The firewall's log may be configured so that any level of detail is recorded. If all traffic was to be logged, the log would fill up very quickly so a set of rules may be applied such that particular types of traffic or traffic originating from a particular place at certain times may be recorded. In addition, system maintenance, system errors, attempts to access blocked websites, blocked Java, ActiveX or Cookies, attacks, dropped TCP, UDP and ICMP packets and network debugging are all logged.

The log or a summary of it (top 25 users according to accessed sites and bandwidth usage by IP address or service) may be emailed to various parties on a weekly basis and should the log actually fill, there are options to shut down, overwrite the log, copy the log and start again and so on - all configurable from the Java based firewall management front end. In the event of an attack, system error or attempt to access a blocked website, emails may be sent to particular individuals and so on.

One of the advances in firewall technology is that of local caching - storing locally, on the secure side of the firewall, data that has already been retrieved from the Internet. SonicWALL supports Web Proxy Relay as it calls it and in the case where bandwidth is close to fully consumed or there is a natural delay in the retrieval of information, local caching can make a great deal of impact on the apparent performance of the firewall - there being no reason to process repeatedly the same information. Without local caching, the throughput rates are 7Mbps for the standard and DMZ models (running on a 33MHz Motorola CPU) and 80Mbps for the PRO version (running on a 233MHz RISC (Reduced Instruction Set Chip) StrongArm processor).

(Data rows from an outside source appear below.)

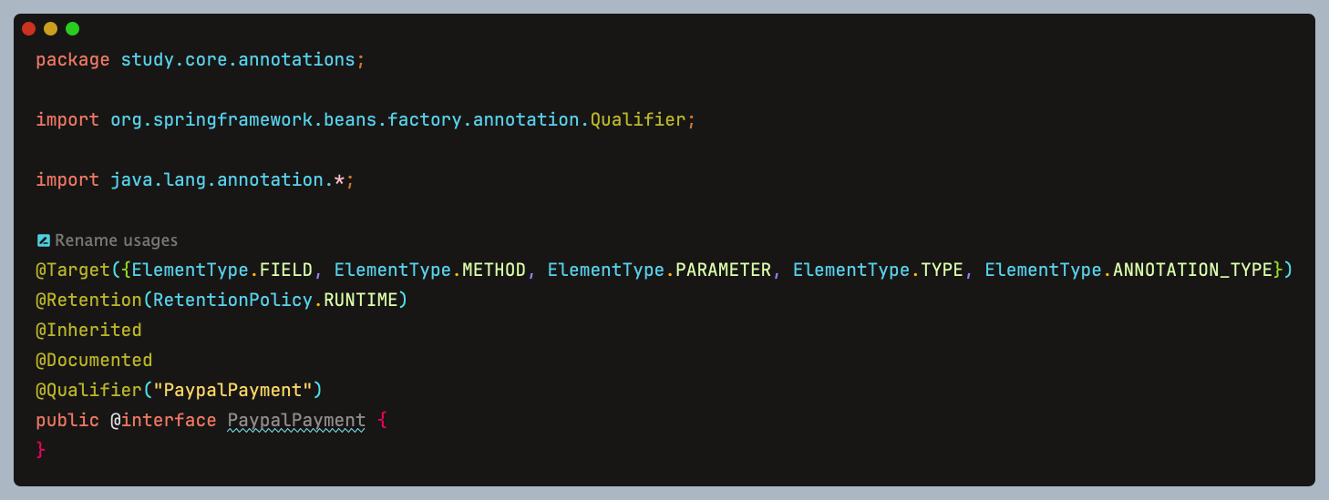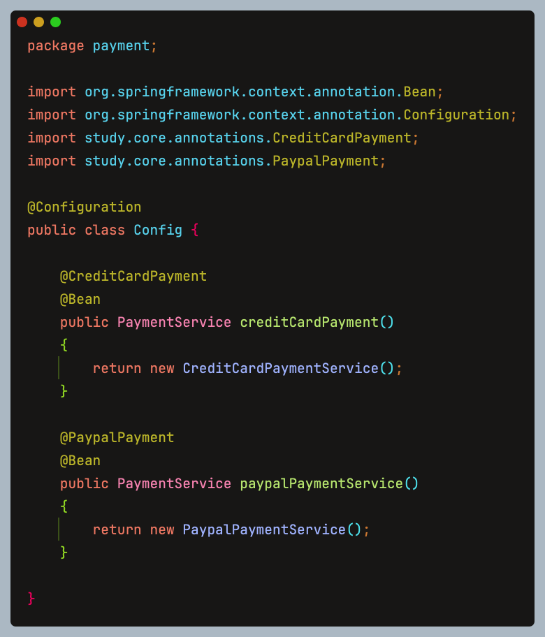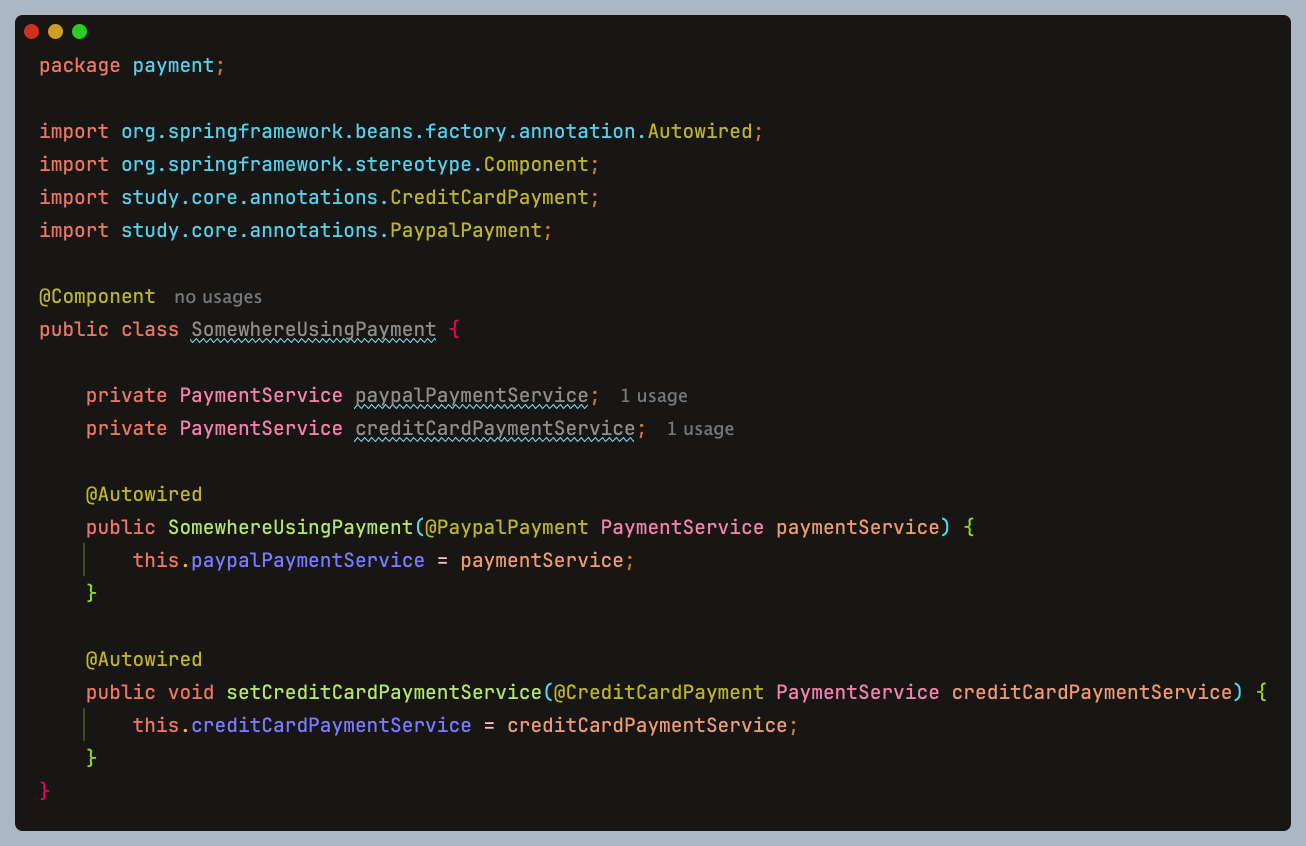 애플리케이션에서 결제 수단을 관리하는PaymentService가 있고, 결제 수단에는CreditCardPayment와PayPalPayment두 가지 구현체가 있다. 각 컨텍스트에서 사용할 결제 서비스를 명시적으로 구분해 주입해야 한다는 상황을 가정하면 다음과 같은 상황이 펼쳐진다.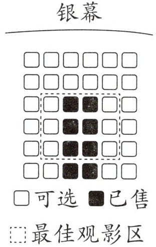 三、小华的妈妈用手机购买电影票,下面是某场电影三号厅的售票情况。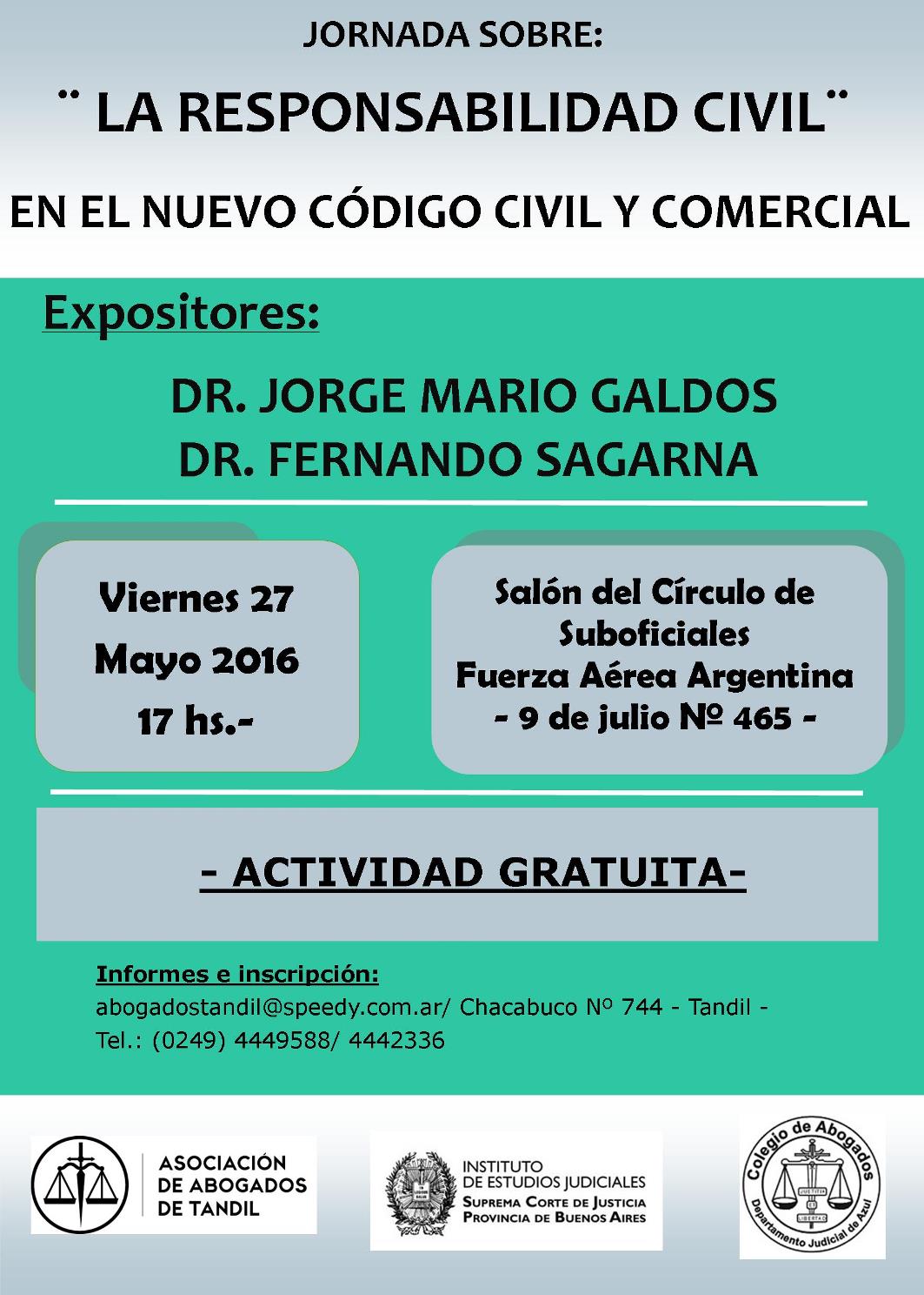 Por medio de la presente, se informa a los asociados, colegas, estudiantes y público en general asistente a las Jornadas que se realizarán el viernes 27 de mayo y tratarán sobre “Responsabilidad Civil” en el nuevo Código Civil y Comercial.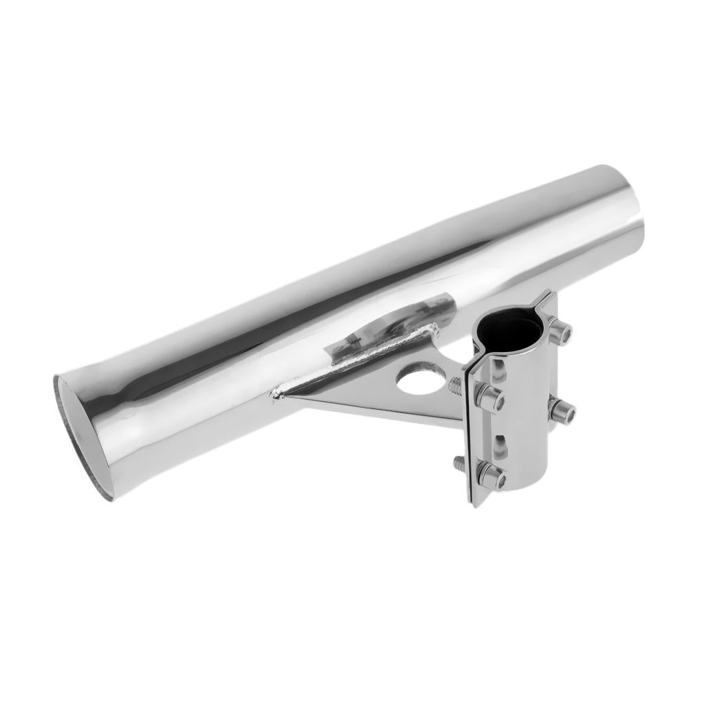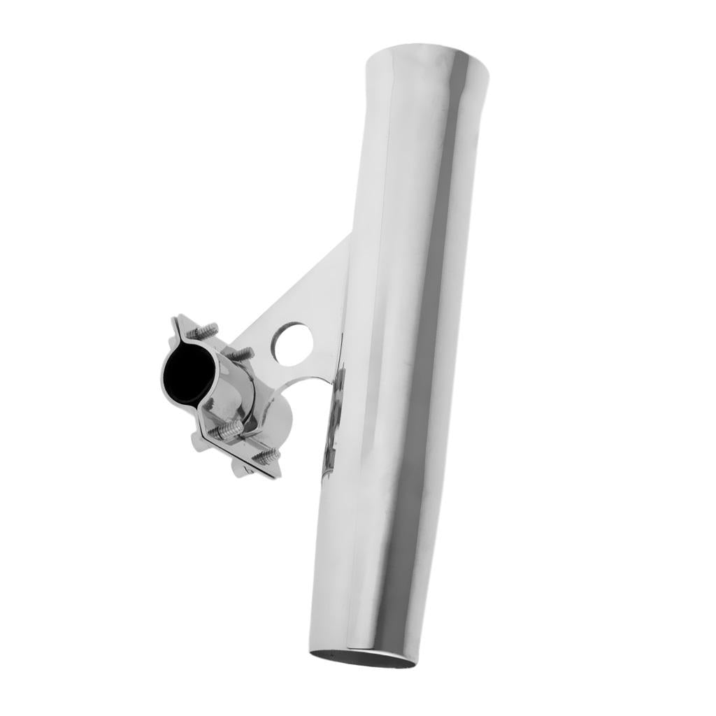 Marine grade 304 stainless steel rod holder with clamp-on mounting bracket.
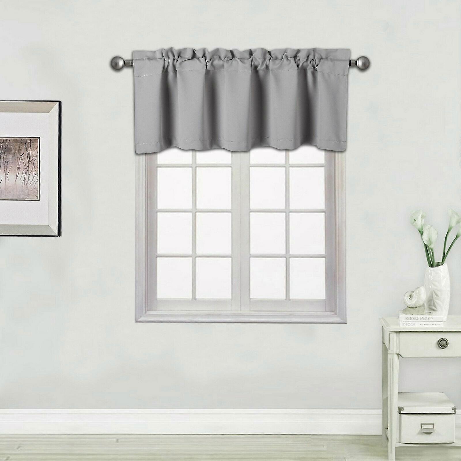 Straight Wave Valance Rod Pocket 54x18 inch, Blackout Thermal Insulated, Silver for Kitchen Bedroom Small Window Décor 1 Pc
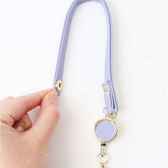 ・ストラップは着脱しやすい、スナップボタンタイプ。バッグのハンドルなどにくるっと装着。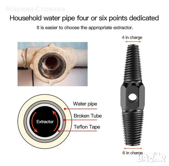 Екстрактор за тръби шпилковадач за скъсани ВиК части 1/2 3/4 Комбиниран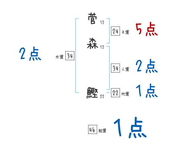 天運![]() | 菅森鰹さんの天運は24画の5つ星!家庭運が良く順調な人生。金運にも恵まれる。 家系が持つ宿命的な運勢を表します。祖先から受け継いだ苗字ですので自分の力が及びません。家柄を象徴します。 |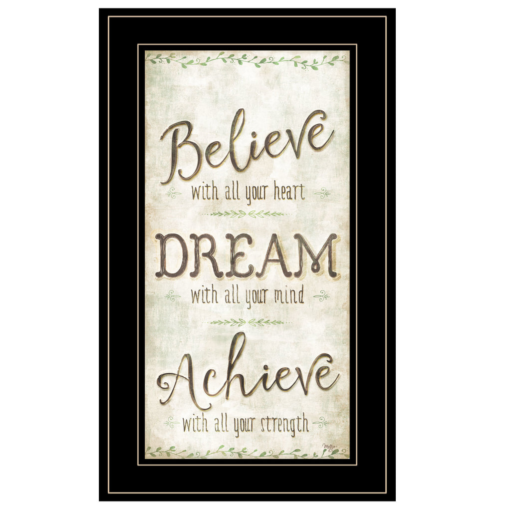 MOL1151-704G Believe, by artisan Mollie B. This decorative black framed 12x21 print speaks of Believe, Dream, and Achieve. Framed prints arrive ready to hang. •TEXTURED ARTWORK with a 'rolled on' acid-free acrylic coating to create a canvas painting effect.•UV PROTECTANT COATING protects artwork from fading. No glass is necessary.• MOULDING adds natural beauty to the framed art. Frame is keyholed for the easy hanging.•THIS FINE HOME DECOR piece made in the USA by Woman Owned Business (WBE) is a perfect gift for a friend or relative.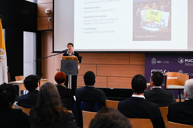 La conferencia inaugural estuvo a cargo de Laura Gamboa, académica de la Universidad de Notre Dame, quien abordó los procesos contemporáneos de erosión democrática en América Latina.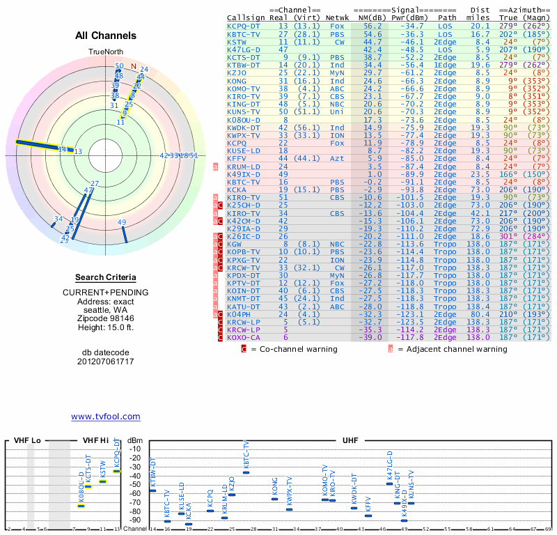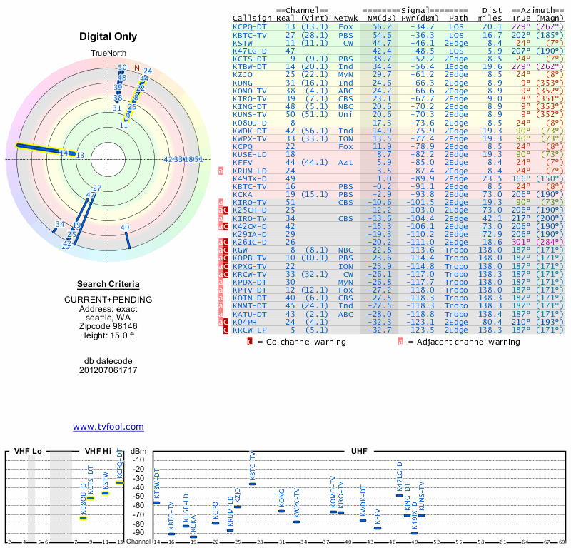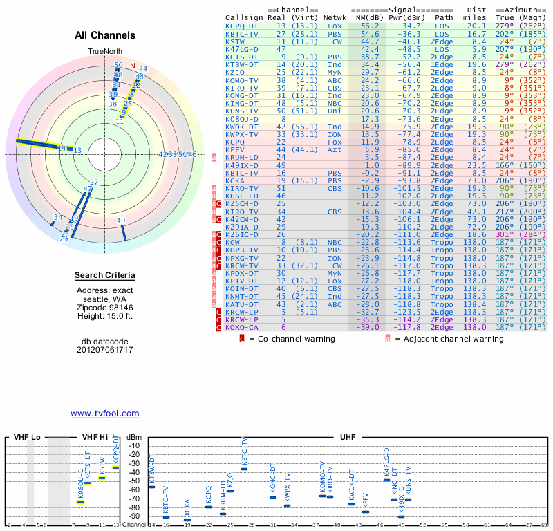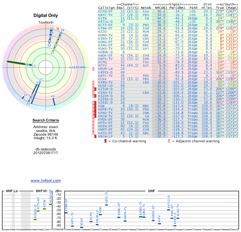 Here are the results for your location. The transmitter database was last updated on June 7, 2013. For more information about these plots and how to interpret them, please check out the Signal Analysis FAQ.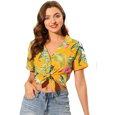 Allegra K Women's Hawaiian Floral Leaves Printed Short Sleeve Button Down Vintage Shirt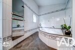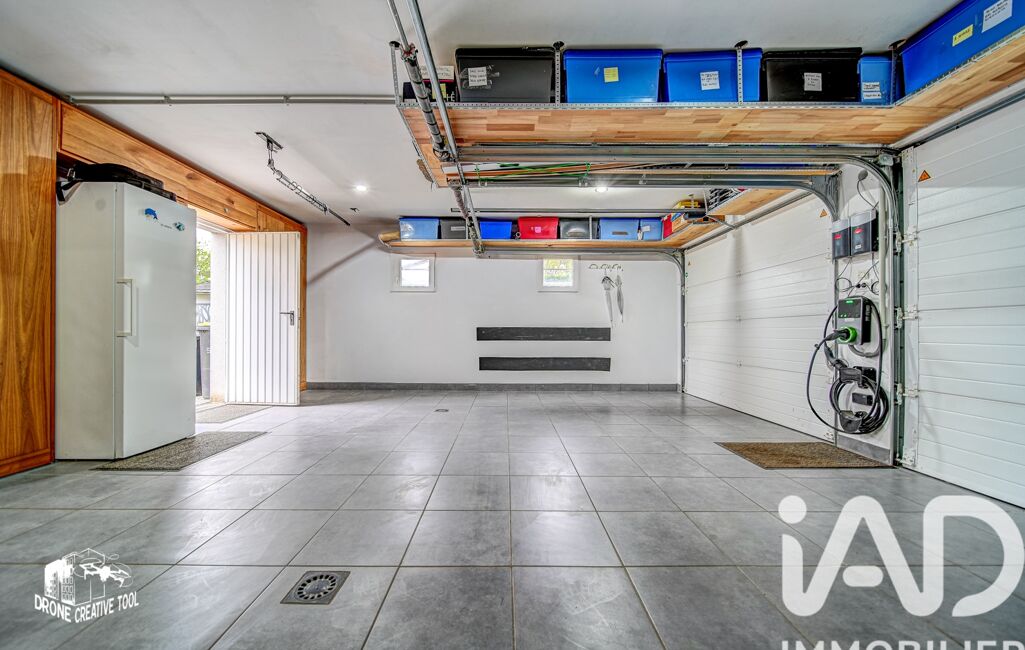 Un garage double carrelé avec portes motorisées et une chaufferie complètent ce bien.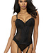 Cheri features a sheer lace bustier with adjustable straps, satin bow accent, adjustable garter stra..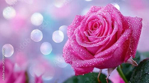 Lovely pink rose covered in glimmering water droplets captured in soft natural light outdoors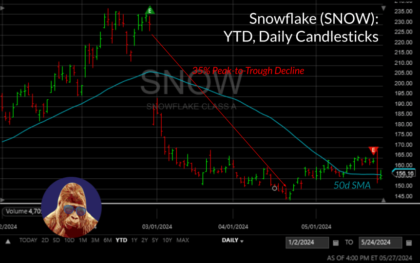 The same night as Nvidia, Snowflake reported earnings. Pre- and post-market trading saw a 5-7% boost, but when the market opened Thursday, the stock ended the day down over 5% below the 50-day SMA.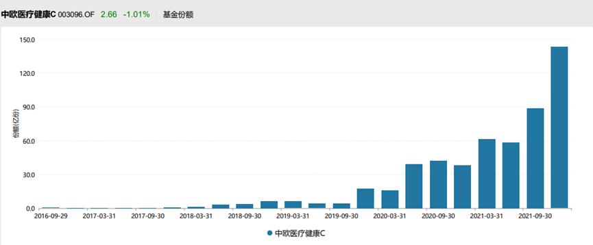 因此,从长期持有的角度来看,中欧医疗健康C份额性价比显著低于A份额。恰恰是这样一只收费方式特殊的基金,成为了C份额中的超级巨无霸。2021年四季度末数据显示,中欧医疗健康C份额的规模位列全市场C份额首位,是第二名的四倍之多。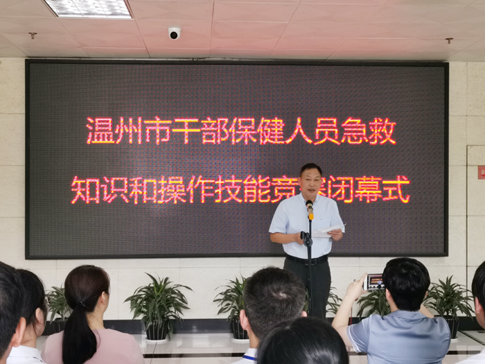 (温州市卫健委副主任徐斌领导在竞赛闭幕式上发表讲话)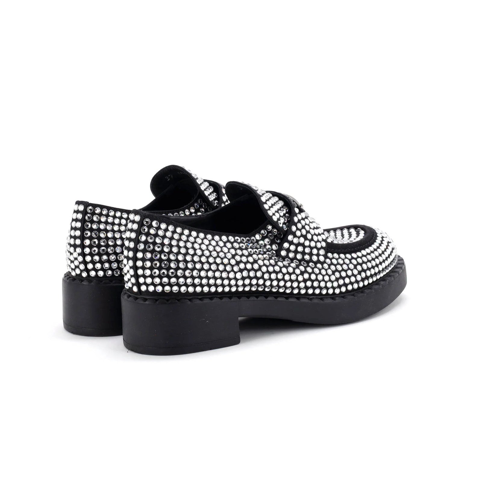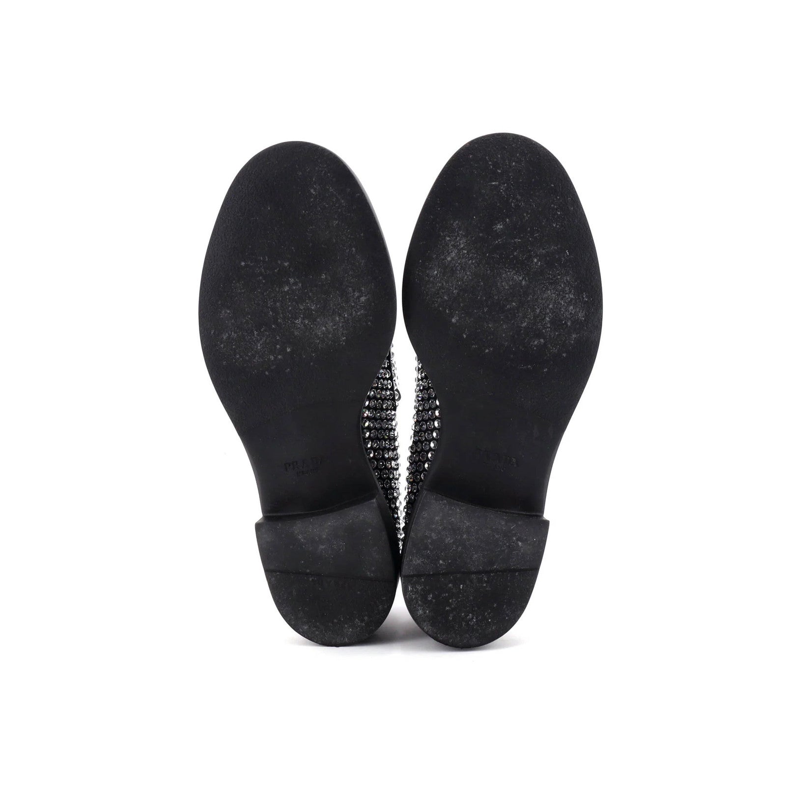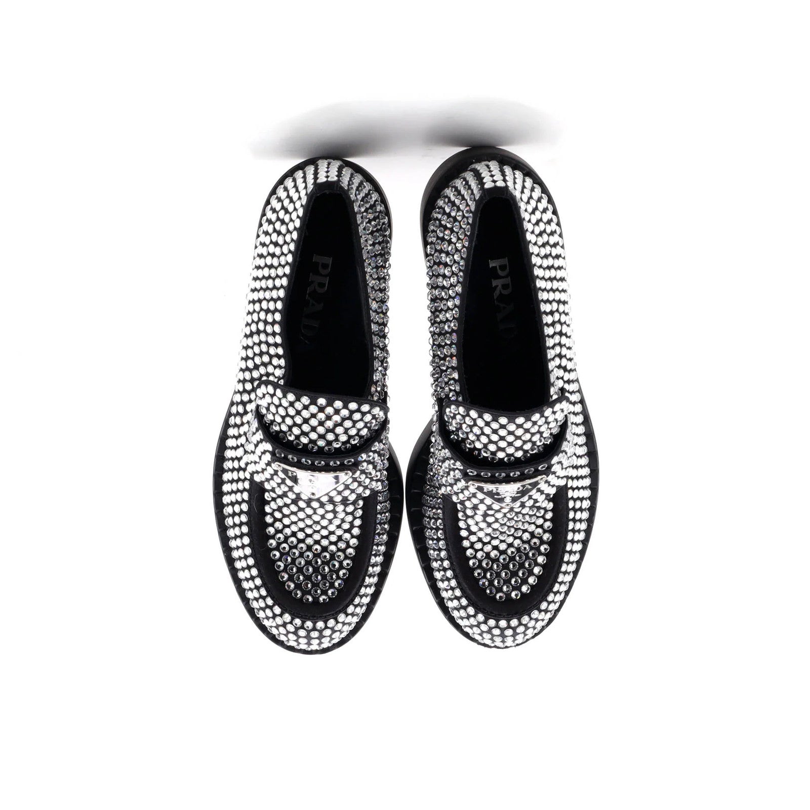Prada Women'S Triangle Logo Loafers Crystal Embellished Satin

As an option in the SonicWALL and SonicWALL DMZ, a VPN (Virtual Private Network) is available - this being provided as standard in the SonicWALL PRO. This VPN is IPSEC compliant and is compatible with Checkpoint Software's Firewall-1 VPN along with a number of other manufacturer's VPNs. The VPN operates using 168 bit triple DES, 56 bit DES and 56 bit ARC4. The SonicWALL PRO is due to have an accelerator card for heavy VPN use which clears up the firewall's processor for firewall data processing. The VPN card gives throughput figures of: 10Mbps for 56 bit DES; 25Mbps for 56 bit ARC4; and, 4Mbps for 168 bit Triple DES.

Platforms

The SonicWALL is completely self contained and requires only 2 10Base-T connections or 3 for the DMZ and PRO models

Pricing

Opinion

Firewalls tend to be expensive investments both in terms of the initial capital outlay and the time and efforts of the IT department of the company that bought it. For smaller companies that require an Internet presence but also require a reasonable amount of security, this places them in a very difficult position. Without a presence on the Internet, they would see there competitors leave them behind but in the back of the Systems Administrator's mind is the knowledge that security by obscurity does not work so not having some sort of firewall is not an option either. With around 90% of the firewall market not catered for, Sonic Systems has started to fill a void with its SonicWALL range which starts at just under $500 providing an SMLI firewall which should give adequate protection for schools, libraries, small businesses and so on. The SonicWALL PRO is aimed at the next sector up and, well supported with features and performance, looks well placed to take on that market as well.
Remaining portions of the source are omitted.